(Dataset items)
━━━━━━━━━━━━━━━━
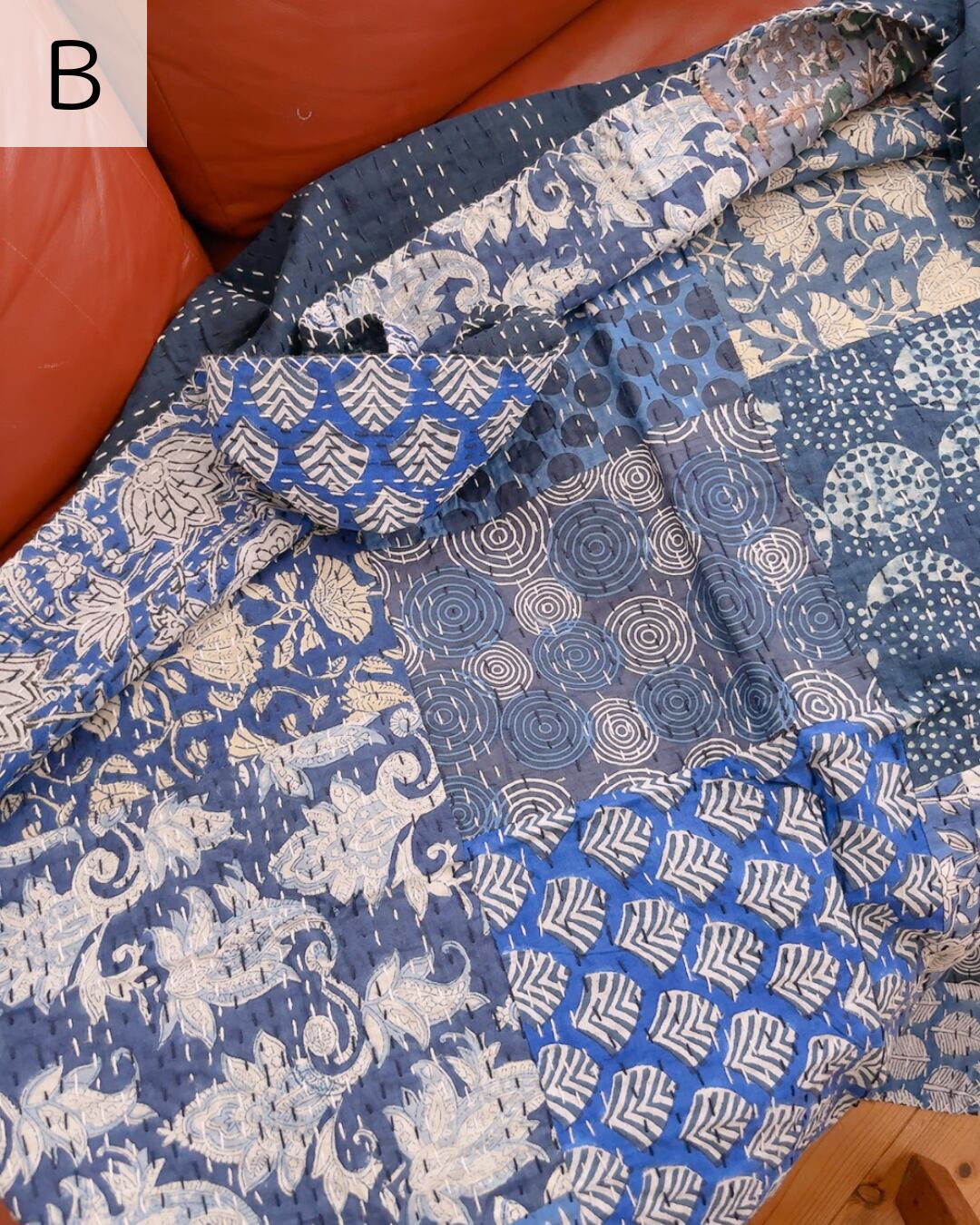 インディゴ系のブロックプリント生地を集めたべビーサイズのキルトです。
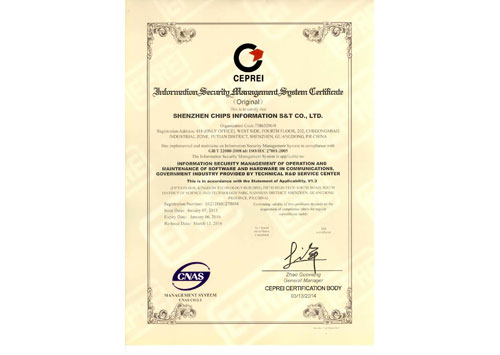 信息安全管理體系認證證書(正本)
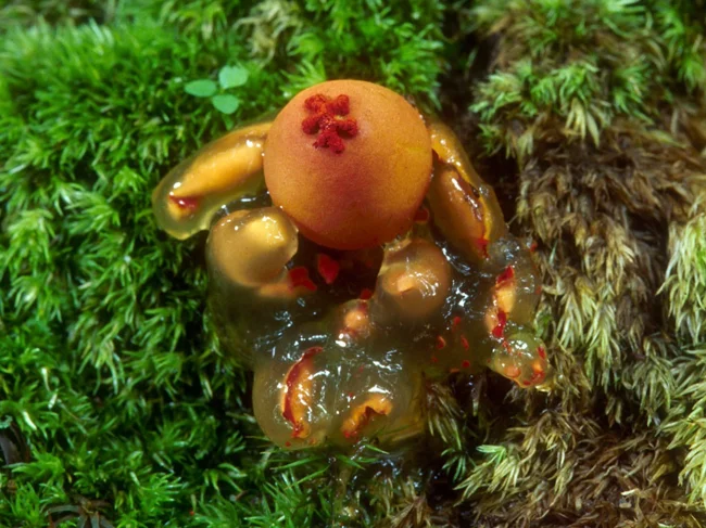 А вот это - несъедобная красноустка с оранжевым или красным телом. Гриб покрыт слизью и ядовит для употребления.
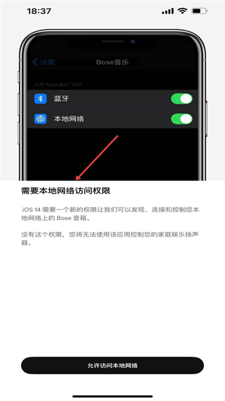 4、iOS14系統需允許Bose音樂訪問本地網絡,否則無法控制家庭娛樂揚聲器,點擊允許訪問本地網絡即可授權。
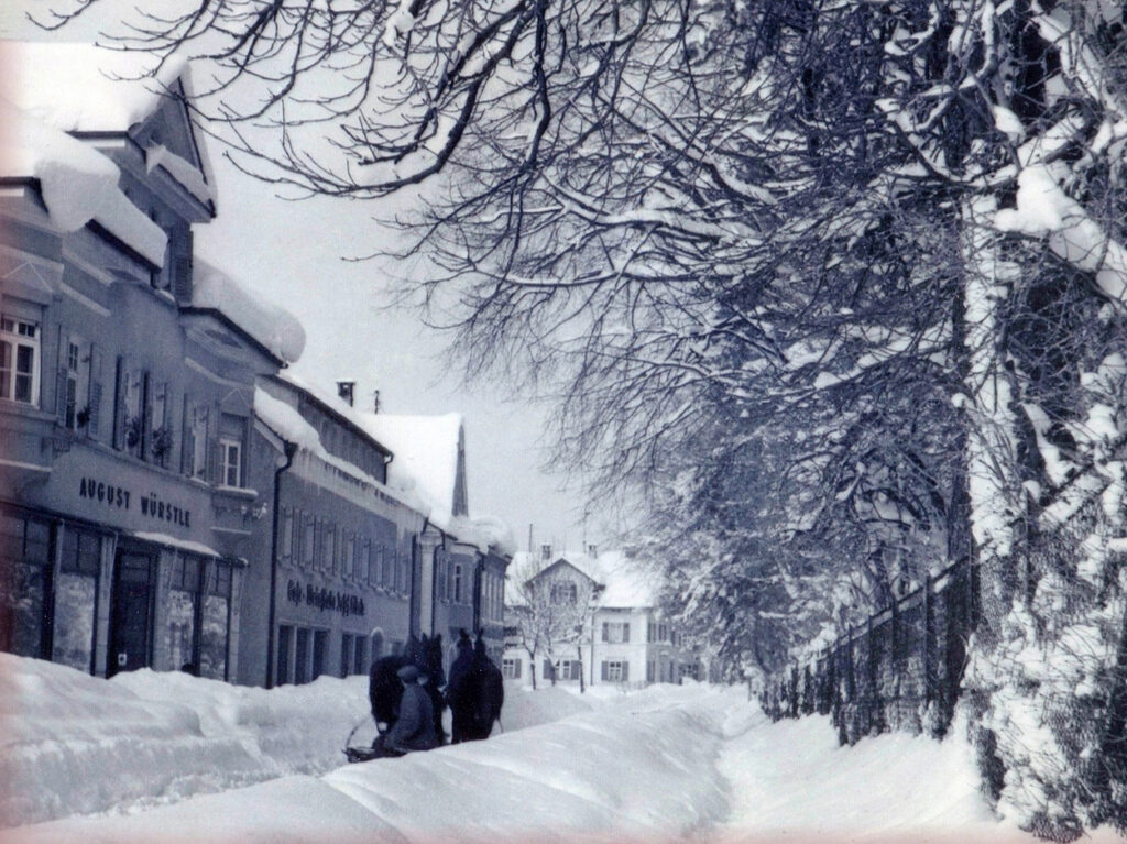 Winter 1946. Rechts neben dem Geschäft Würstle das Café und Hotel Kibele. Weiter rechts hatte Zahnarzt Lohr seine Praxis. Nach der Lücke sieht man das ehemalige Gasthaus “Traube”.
━━━━━━━━━━━━━━━━
Task to carry out: All of the data, minus its pictures, should be repeated exactly.

Task output:
 インディゴ系のブロックプリント生地を集めたべビーサイズのキルトです。
 信息安全管理體系認證證書(正本)
 А вот это - несъедобная красноустка с оранжевым или красным телом. Гриб покрыт слизью и ядовит для употребления.
 4、iOS14系統需允許Bose音樂訪問本地網絡,否則無法控制家庭娛樂揚聲器,點擊允許訪問本地網絡即可授權。
 Winter 1946. Rechts neben dem Geschäft Würstle das Café und Hotel Kibele. Weiter rechts hatte Zahnarzt Lohr seine Praxis. Nach der Lücke sieht man das ehemalige Gasthaus “Traube”.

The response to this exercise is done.